**PROMPT**
Reproduce, exactly and in full, only the lines below from the one containing "Vintage Gold Rope" through the one containing "10月22日上午,武漢分公司".

**SUPPLIED RECORDS**
***
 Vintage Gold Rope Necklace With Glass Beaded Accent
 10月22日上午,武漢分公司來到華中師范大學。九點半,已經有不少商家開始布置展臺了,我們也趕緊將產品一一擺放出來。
***
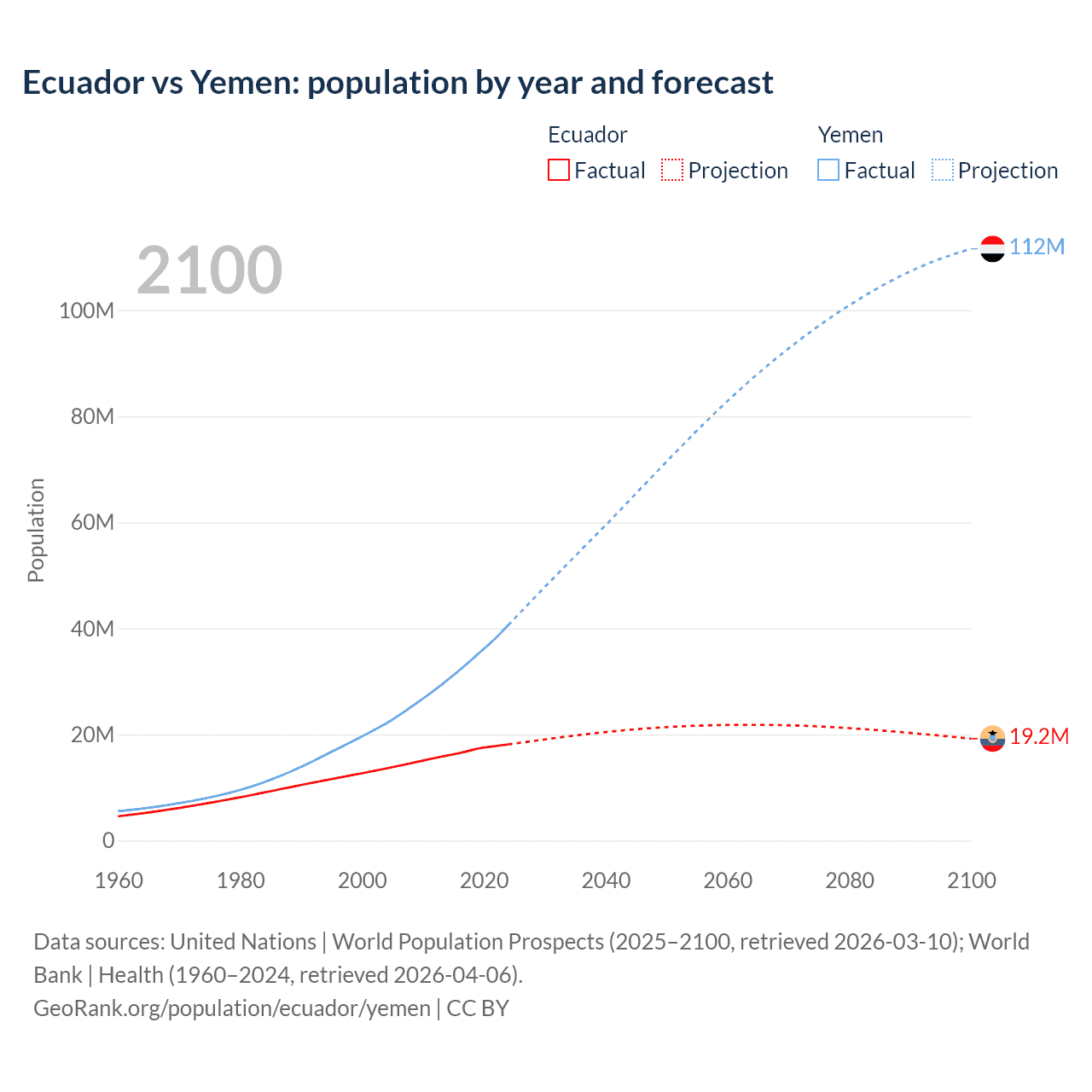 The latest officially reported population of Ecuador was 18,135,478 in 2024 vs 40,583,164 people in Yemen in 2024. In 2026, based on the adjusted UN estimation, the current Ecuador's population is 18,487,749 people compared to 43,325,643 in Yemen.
***
**RESULT OF THE TASK**
 Vintage Gold Rope Necklace With Glass Beaded Accent
 10月22日上午,武漢分公司來到華中師范大學。九點半,已經有不少商家開始布置展臺了,我們也趕緊將產品一一擺放出來。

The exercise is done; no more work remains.